Going forward, Sanofi expects erosion from generic competition to abate, but it should still have a negative impact on net income in 2014. The company is pursuing a group-wide cost savings program which it expects, together with the expected synergies from the acquisition of Genzyme, to generate additional incremental cost savings by 2015 of more than $2.7 billion. This should lead to EBITDA growth and an enhanced margin, which according to analysts' estimates should be 36.4% in 2015 compared to 33.4% expected for 2013.
Regarding dividends, Sanofi has a very good track record given that is has delivered a growing dividend over the past few years. Its last dividend was €2.77 ($3.77) per share, an increase of 4.5% from the previous year. At its current share price, the dividend yield is 3.7%, which is an attractive yield for a defensive company like Sanofi. Moreover, the company has a share buyback program ongoing and has bought about $1.9 billion of its own stock during the first nine months of 2013, increasing its shareholder remuneration. On the other hand, its payment frequency is annual like many European companies and the French dividend withholding tax is 30%, being both negative factors for income investors.

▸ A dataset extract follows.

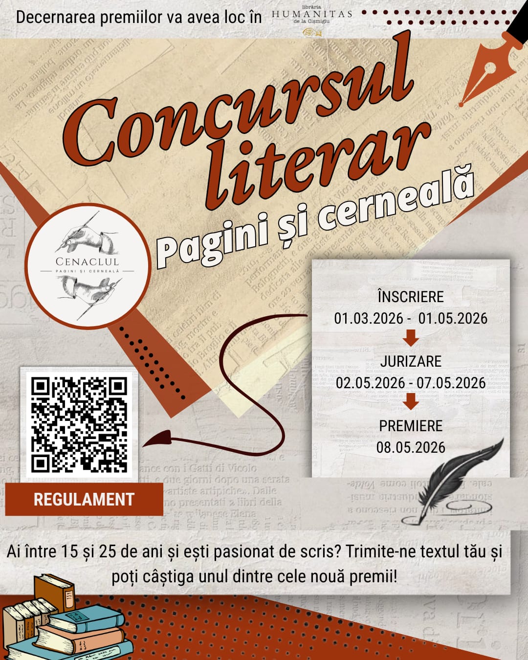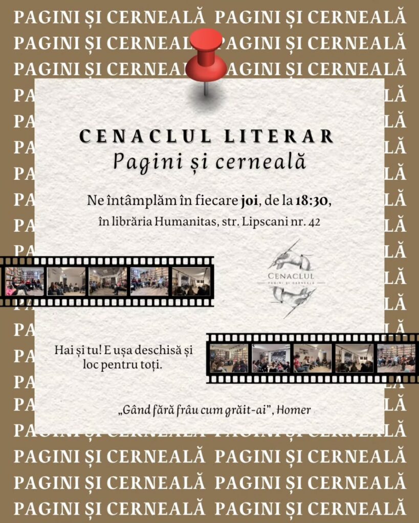 Salut! Mă numesc Robert, am șaptesprezece ani și de aproximativ șapte luni am onoarea și deopotrivă norocul să frecventez întrunirile cenaclul "Pagini și Cerneală".

Sanofi's dividend seems sustainable both from earnings and cash flows. Its dividend payout ratio increased in 2012 to 73% of reported earnings, but was only 45% of business earnings, which is a non-GAAP figure which the company thinks better reflect its earnings power over the long-term. Even considering the dividend payout based on reported earnings the ratio seems acceptable, as Sanofi is a stable and profitable company and does not need to retain much cash to invest in its growth, allowing it to pay almost all of its earnings to shareholders. Sanofi has a very good cash flow generation capacity, taking into account that its cash flow from operations is more than enough to finance its capital expenditures, dividend payments, and reduce its balance sheet leverage.
Despite the fact that Sanofi's indebtedness has increased significantly following the acquisition of Genzyme in 2011, its balance sheet remains very strong. As of 30 September, 2013, its net debt amounted to $12 billion. Its net debt-to-EBITDA ratio was only 0.8x, which is supportive for its dividend sustainability. Sanofi continues to reduce debt and should return to a cash position over the next couple of years, improving even further its already robust balance sheet. Its sound financial position also enables Sanofi to pursue acquisitions and partnerships, which can boost its growth prospects over the long term.
Disclosure: I am long GSK. I wrote this article myself, and it expresses my own opinions. I am not receiving compensation for it (other than from Seeking Alpha). I have no business relationship with any company whose stock is mentioned in this article.